Время с середины XVI до середины XVII века характеризовалось наибольшим разнообразием оружия, используемого бойцами из высших классов. Позже огромный бронебойный топор практически исчез из употребления, хотя некоторые из авторитетных учителей XVII века и включали его наряду с двуручным мечом в список оружия, с которым должен быть знаком любой желающий считаться полноценным воином. Так что оставался двуручный меч, меч-бастард, и более удобный как в ношении, так и в бою одноручный или короткий меч, который со времен Генриха VIII существовал в двух основных разновидностях – с закрытой рукоятью и «рапирного» образца; обе имели корзинчатый эфес. Существовали еще парные рапиры, известные в Англии как «близнецовые». Это были скорее не рапиры, а короткие шпаги; носить их следовало в одних и тех же ножнах, рядом друг с другом; такой набор был крайне неудобен, так что пользовались ими мало, и исторических записей об их применении до нас дошло немного. Кинжал использовался в основном как дополнительное защитное оружие; как самостоятельное оружие его применяли разве что по горячке внезапно вспыхнувшей ссоры, хотя Брантом и повествует об одном случае дуэли на паре кинжалов по предварительной договоренности. Из оборонительной амуниции можно назвать щит-баклер, кинжал, плащ, большую боевую рукавицу и обычную перчатку. Но самым типичным для того времени оружием являлась длинная испано-итальянская рапира, со своими обычными спутниками – плащом или кинжалом.

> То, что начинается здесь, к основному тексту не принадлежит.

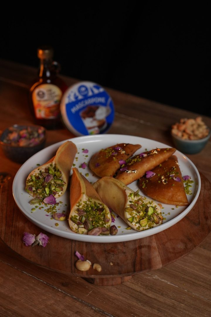 Qateyef au fromage et pistache Ingrédients Pour la pâte des qatayef: 1 verre de farine 2 verres de semoule extra-fine 500 ml de lait (ou plus si nécessaire) 2 cuillère à soupe de levure chimique 3 cuillère à soupe de sucre Pour la crème : 250 g de mascarpone Carrefour Classic’ 200 g de lait…

На эту рапиру следует обратить особое внимание. Она появилась не в результате внезапного озарения, а в итоге длительного совершенствования. Происходила она от крестообразного меча рыцарских времен, при работе которым бойцу приходилось для усиления хвата класть указательный палец на верх поперечины; этот незащищенный палец часто оказывался травмированным, и для его защиты над крестовиной стали делать дополнительную защиту в виде изогнутой полоски металла, иногда для симметрии помещая на крестовину по одной такой полоске с каждой стороны. Дополнительных элементов защиты пальцев и кисти становилось все больше, в том числе стальные кольца, и в конце концов постепенно появилась знакомая нам изящная «стреловидная» форма эфесов второй половины XVI века с поперечиной, pas d'asne и контргардами.

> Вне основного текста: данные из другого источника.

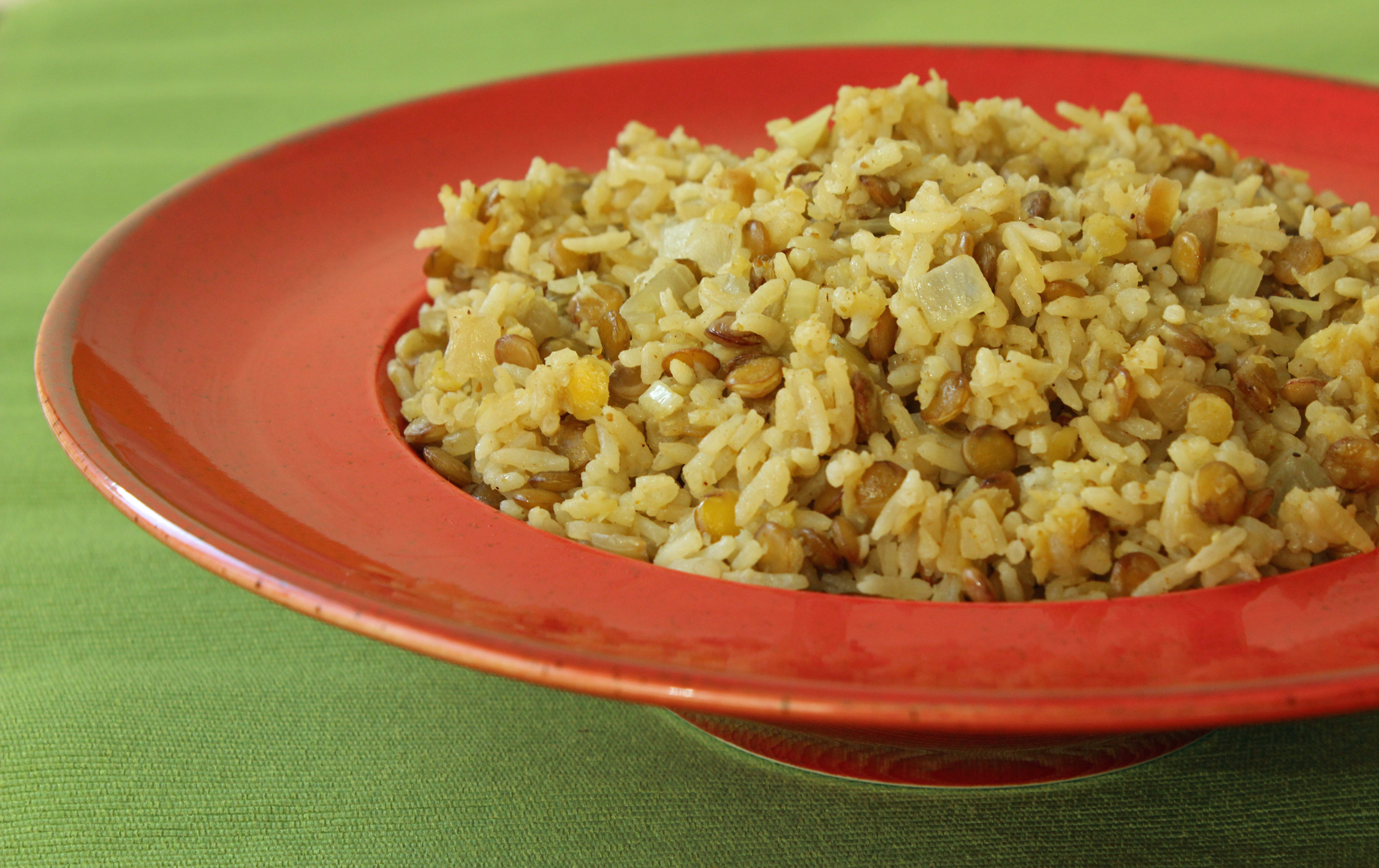 בקיצור – שוטפים אורז ועדשים במים. צורבים על שמן זית בצל וכמון, מוסיפים שום, אורז ועדשים ומערבבים. מוסיפים מים רותחים ומבשלים 15-20 דקות.

В XVII веке «стреловидный» эфес, пройдя через ряд вариаций, обрел свою совершенную форму – чашеобразную, которая служила руке замечательной защитой с учетом того, каким образом использовалось оружие; кинжал же стали снабжать прочной треугольной (сужающейся книзу) защитной полосой, которая обеспечивала безопасность руки не хуже.

Рапира с семью кольцами

В нередких в то время личных ссорах доспехов на противниках уже не оказывалось, они сражались в одних рубашках, а с учетом смертоносности такого оружия, как рапира, возросла необходимость в обретении качественных навыков фехтования. Искусство это, в том виде, в каком преподавали его итальянские мастера, расцвело пышным цветом. Рапиры сами по себе были длинными и неудобными, редко когда длина их составляла менее четырех футов от хвостовика до острия, а бывало, что и превышала пять футов; атакующие действия были не слишком стремительными и уж никак не могли представлять собой сложные движения, и, когда противники сражались только на рапирах, от колющих ударов они спасались перемещениями и уходами, а не парированием собственным оружием. Перемещениями, о которых идет речь, были более или менее быстрые, в зависимости от ситуации, шаги вперед, назад или в сторону (так называемые «траверсы»). Самым популярным средством обороны был кинжал; технически защитных действий им насчитывалось три или четыре, и все они были крайне просты; для атаки противника его практически не использовали, разве что войдя в плотный контакт. Такие поединки на рапирах с кинжалом выглядели, пожалуй, самыми романтичными и живописными за всю историю фехтования. Иногда вместо кинжала использовался плащ – его в два слоя наматывали на левую руку и отмахивали его свисающим концом уколы противника, а в некоторых случаях и метали таким образом, чтобы или обернуть им самого соперника целиком, или запутать его оружие. Научиться подобным методам ведения боя было очень легко. Суэтнам утверждает, что за несколько уроков пятнадцатилетнего мальчика можно было научить обороняться против любого мужчины; и мы действительно знаем об одном мальчике указанного возраста по имени Чарльз Сефтон, который более чем постоял за себя в бою против своего собственного учителя.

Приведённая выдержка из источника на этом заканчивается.